Additionally, players such as Richard and Curtis Loik have improved their game over their Penn State careers, with Richard the sixth and final Nittany Lion to put up over 20 points last season. Loik himself saw a seven point increase from the 2013-14 season last year, scoring one less goal but making up for it with 11 assists.
Even with all of this depth, Penn State still seems to lack a No. 1 talent from their existing roster coming into the 2015-16 season. Cases can be made for Goodwin or Scheid based on their play last season, but both will have to earn that mantle with another career high year.
So...what can we expect?
It's certainly not out of the realm of possibility that Penn State will regress this upcoming season in terms of offensive production. Losing three highly-talented, point producing players due to various circumstances in an offseason will certainly have an effect on a team's ability to score no matter what the sport. Guy Gadowsky didn't plan on relinquishing three of his top five scorers this offseason, though he has a big talent pool to pull from with an incoming class of six skaters and an existing roster that has proven itself over the course of the last season.
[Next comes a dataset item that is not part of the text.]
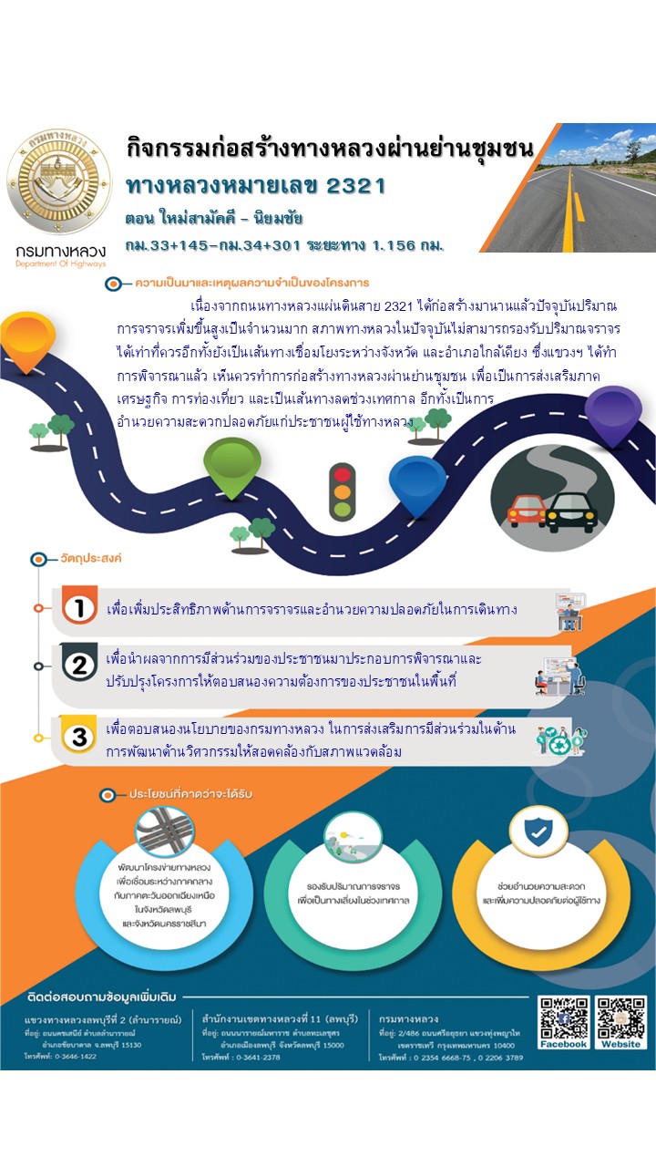 ประชาสัมพันธ์เชิญเข้าร่วมประชุมรับฟังความคิดเห็นของประชาชนโครงการก่อสร้างโครงข่ายทางหลวงแผ่นดิน กิจกรรมก่อสร้างทางหลวงผ่านชุมชนเพื่อคนทุกกลุ่ม งานพัฒนาทางหลวงผ่านย่านชุมชน ทางหลวงหมายเลข 2321 ตอน ใหม่สามัคคี – นิยมชัย ระหว่าง กม.33+145 – กม.34+301 ระยะทาง 1.156 กิโลเมตร

Though less offensive production doesn't necessarily spell a free fall in the standings, fans might want to temper their expectations of the team this season in what seems to be more of a transitionary year than the previous. Penn State is still an extremely young hockey program in comparison to the rest of the Big Ten and will have a harder time adjusting to player turnover than the rest of their division. While it's a necessary evil of college sports, don't expect Penn State to play anything less than their best come October 4.